Print the data below again in full, exactly as it stands, with no images.
**** Given data
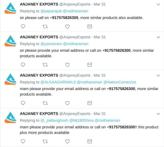 Considering that it is an export agency, we looked for the company Anjaney Exports on Indiamart.com and found the following information.
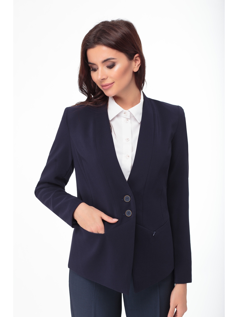 Жакет полуприлегающего силуэта с рельефными швами по переду и спинке, V-образным вырезом, что придаёт образу женственность-хрупкость и уверенность одновременно.
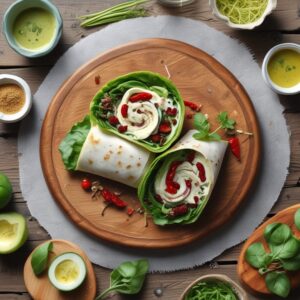 Este rollito verde de espinacas es una opción fresca y saludable, ideal para un almuerzo ligero o una cena rápida. El relleno de lechugas mixtas, tomates secos, alfalfa, pepino, queso crema y mozzarella, aderezado con albahaca y aceite de oliva, ofrece una explosión de sabores y texturas en cada bocado.
********
### Exercise result
 Considering that it is an export agency, we looked for the company Anjaney Exports on Indiamart.com and found the following information.
 Жакет полуприлегающего силуэта с рельефными швами по переду и спинке, V-образным вырезом, что придаёт образу женственность-хрупкость и уверенность одновременно.
 Este rollito verde de espinacas es una opción fresca y saludable, ideal para un almuerzo ligero o una cena rápida. El relleno de lechugas mixtas, tomates secos, alfalfa, pepino, queso crema y mozzarella, aderezado con albahaca y aceite de oliva, ofrece una explosión de sabores y texturas en cada bocado.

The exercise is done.